Nas «casas de escrever», nas várias casas de escrita por onde Llansol passou e em que continuamente vai renascendo – desde a casa paterna na Rua Domingos Sequeira, em Lisboa, à da avó em Alpedrinha, do apartamento urbano de Lovaina ao quarto minúsculo da granja de Herbais e às casas de Colares e Sintra, que tantos livros viram nascer e crescer –, as palavras escritas nos Cadernos (quase sempre a esferográfica, de diversas cores) animam-se para dar corpo aos «múltiplos seres em mim». São, desde os primeiros escritos de infância e juventude, casas dentro de casas dentro de casas, como revela um dos fragmentos citados; e afinal é sempre a mesma casa arquetípica, arcano central desta Obra, que contém a escrita e nela está contida. Casas repletas de objectos, mas em si mesmas vazias, como o «mundo desabitado», «espécie de deserto à minha volta», à espera de serem preenchidas, mobiladas com formas e sentidos vindos – na carroça que atravessa «as ruas do meu interior» – de outros lugares, cidades da alma «onde a imagem estava plena».

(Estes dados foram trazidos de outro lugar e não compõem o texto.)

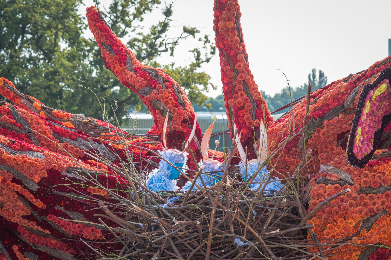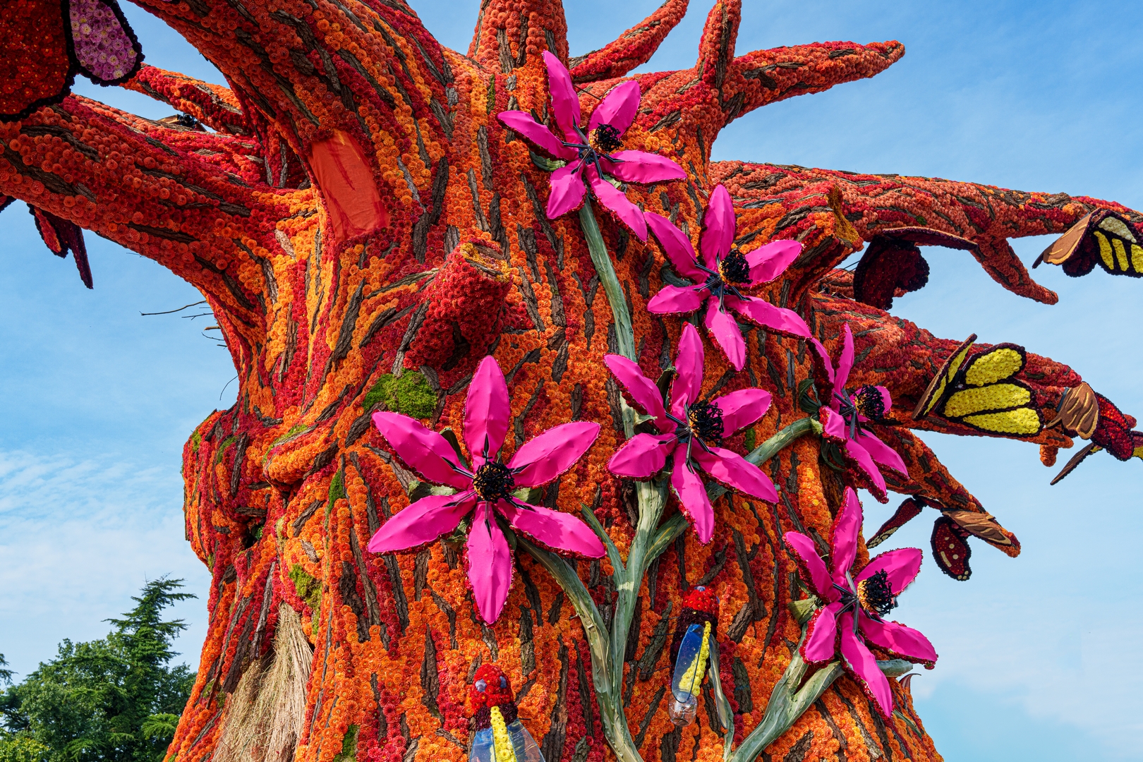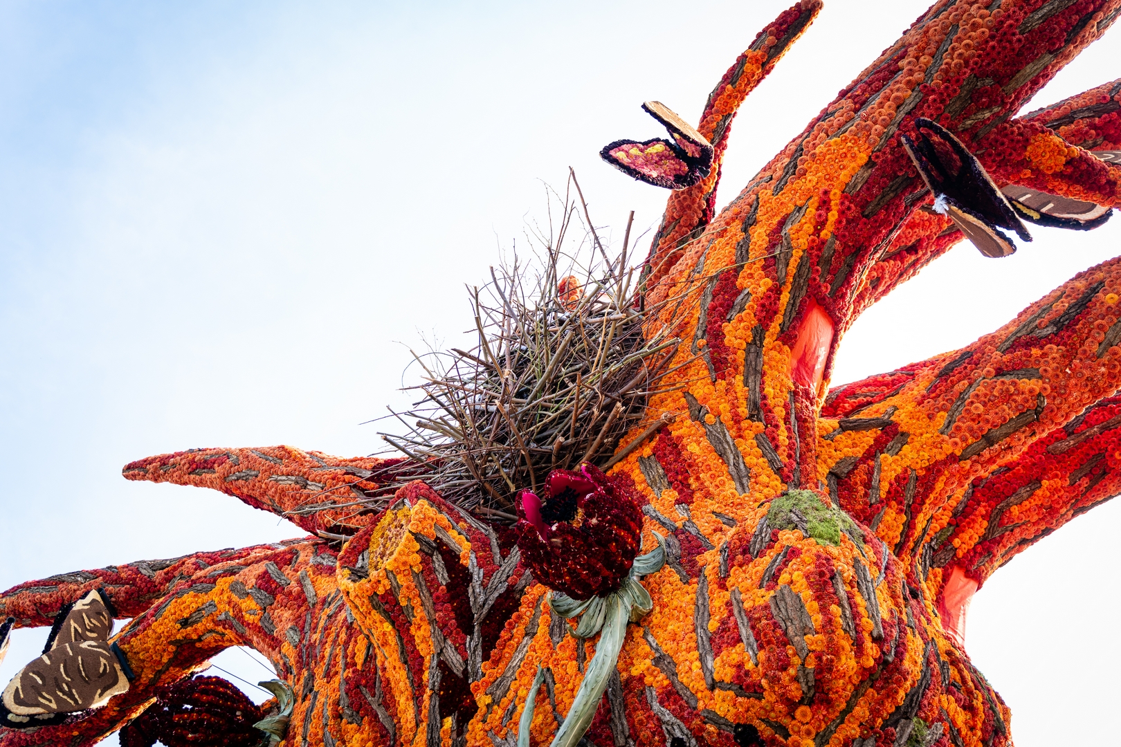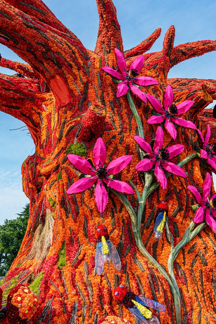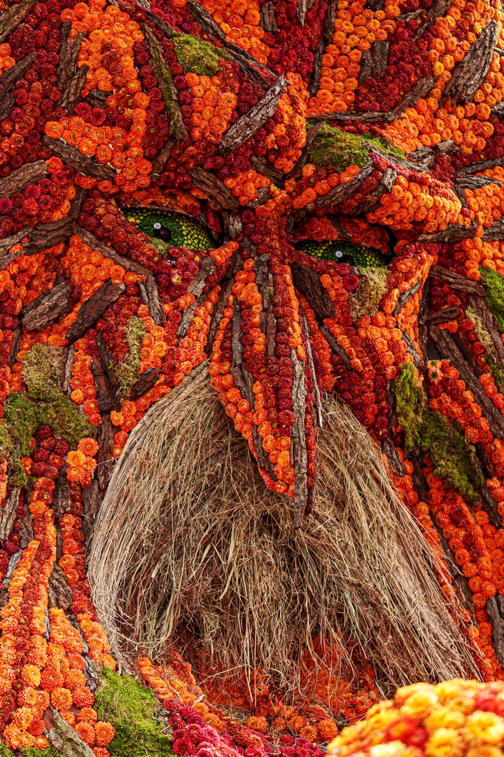 Gelukkig zijn er fraaie details te zien, die het positivisme terugbrengen. Zo zijn de kleuren van de dahlia’s en de alternatieve materialen mooi op elkaar afgestemd. Het grijsgroen van de gedroogde maisbladeren verrijkt het patroon en ook het groen van het mos doet het goed. Het hele kleurgebruik rondom de boom is vrolijk waardoor de missie geslaagd is om de vrolijkheid van de lente weer te geven. Een kritisch puntje is er over de binnenkant van de bloembladeren. Die zijn niet ‘bloemig’ door het gebruik van een goedkope, dunne stof van voering die over een frame is gespannen. De ogen van het gezicht van de boom zijn fraai, door goed materiaalgebruik en ze hebben een goed passende expressie.

Nesta casa feita de muitas casas sempre cheias de sinais, e com múltiplas janelas abertas sobre o universo, tudo gira em permanente vibração e devir. Escrever – escreler com as muitas Figuras que antes dela escreveram e foram acolhidas na casa do texto, e com os legentes que se alimentam da sua escrita e a prolongam – é aí um acto de necessidade, uma espécie de «segunda natureza», como se lê num dos Cadernos. Aí, «o balanço deste meu, vosso, mundo não tem fim; a necessidade de abrir-lhe as portas é real________».